## The task
Copy the data that follows exactly, and include none of its images.

## Provided material
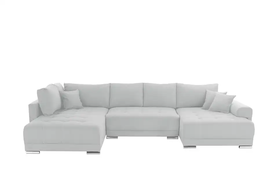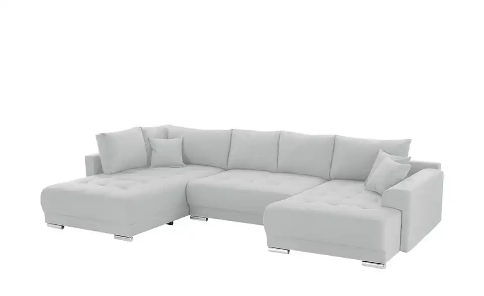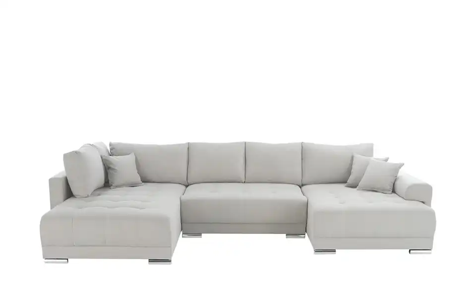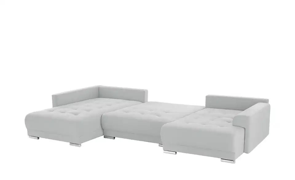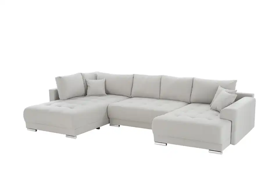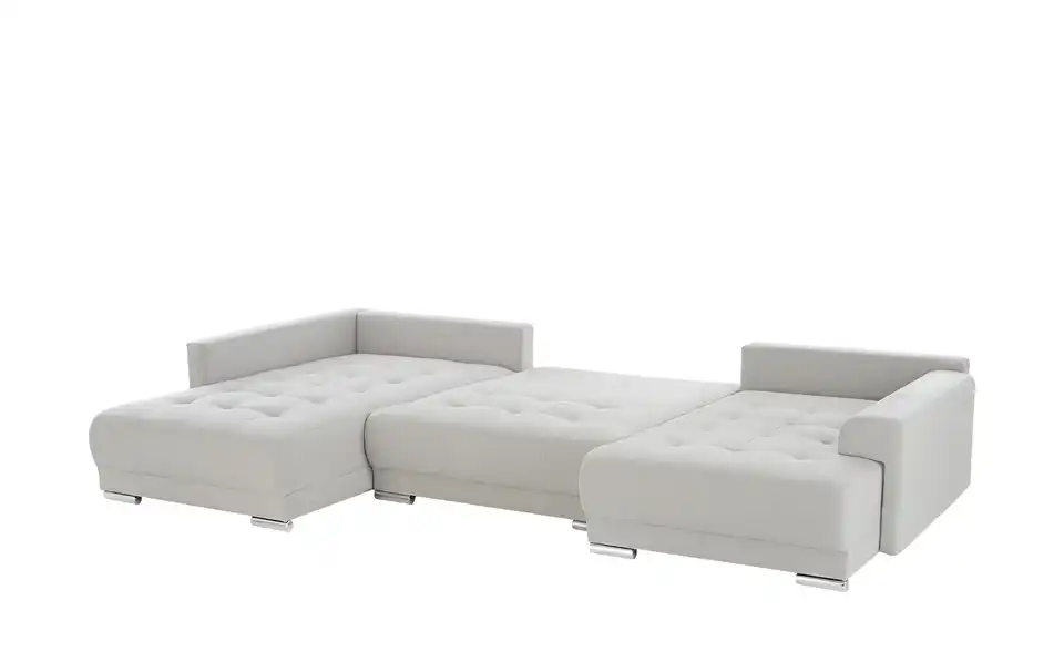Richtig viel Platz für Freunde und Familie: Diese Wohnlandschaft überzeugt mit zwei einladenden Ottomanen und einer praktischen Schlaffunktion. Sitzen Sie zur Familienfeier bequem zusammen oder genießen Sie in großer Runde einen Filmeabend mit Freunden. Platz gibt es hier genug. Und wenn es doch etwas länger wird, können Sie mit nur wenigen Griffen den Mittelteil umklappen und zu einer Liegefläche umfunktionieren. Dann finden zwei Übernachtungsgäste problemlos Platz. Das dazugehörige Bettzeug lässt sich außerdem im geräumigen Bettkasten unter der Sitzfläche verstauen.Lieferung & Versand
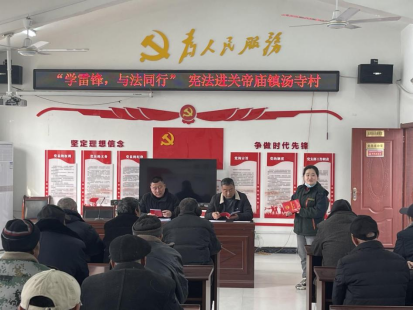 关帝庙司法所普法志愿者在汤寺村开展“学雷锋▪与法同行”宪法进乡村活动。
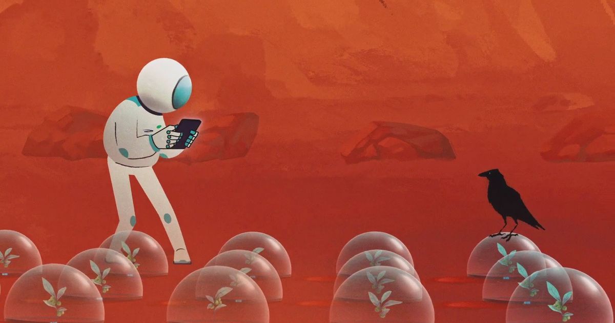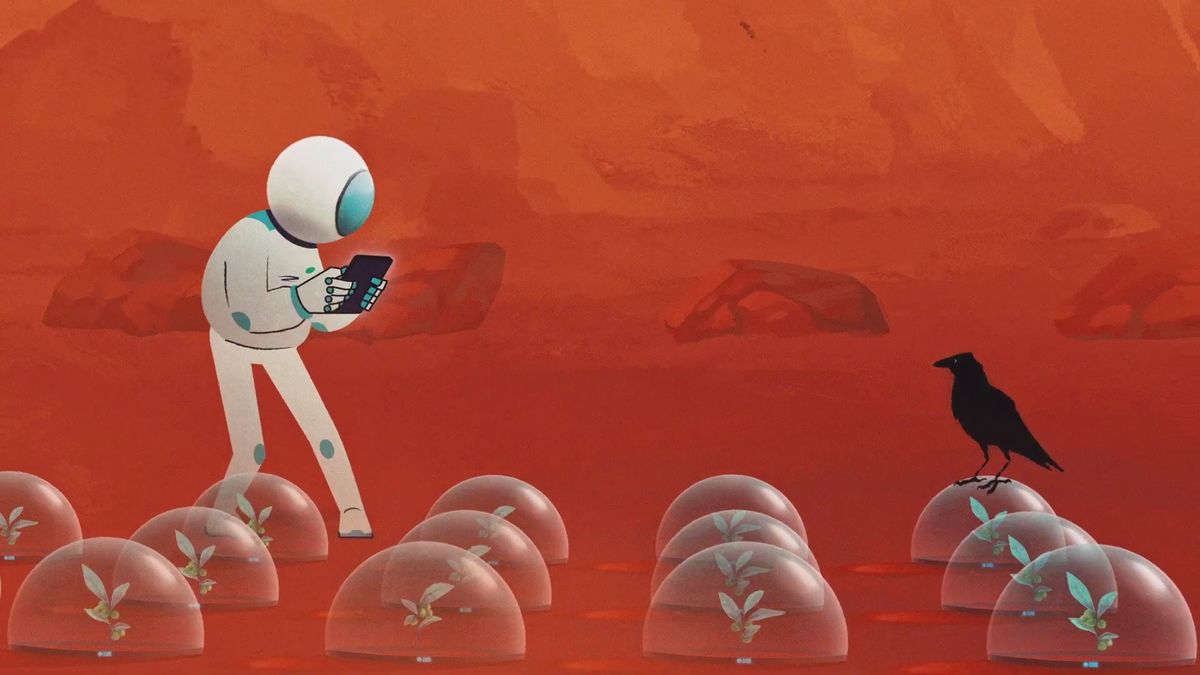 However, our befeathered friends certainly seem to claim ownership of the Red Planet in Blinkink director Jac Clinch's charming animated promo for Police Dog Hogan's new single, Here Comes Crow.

## Reply to the task
Richtig viel Platz für Freunde und Familie: Diese Wohnlandschaft überzeugt mit zwei einladenden Ottomanen und einer praktischen Schlaffunktion. Sitzen Sie zur Familienfeier bequem zusammen oder genießen Sie in großer Runde einen Filmeabend mit Freunden. Platz gibt es hier genug. Und wenn es doch etwas länger wird, können Sie mit nur wenigen Griffen den Mittelteil umklappen und zu einer Liegefläche umfunktionieren. Dann finden zwei Übernachtungsgäste problemlos Platz. Das dazugehörige Bettzeug lässt sich außerdem im geräumigen Bettkasten unter der Sitzfläche verstauen.Lieferung & Versand
 关帝庙司法所普法志愿者在汤寺村开展“学雷锋▪与法同行”宪法进乡村活动。
 However, our befeathered friends certainly seem to claim ownership of the Red Planet in Blinkink director Jac Clinch's charming animated promo for Police Dog Hogan's new single, Here Comes Crow.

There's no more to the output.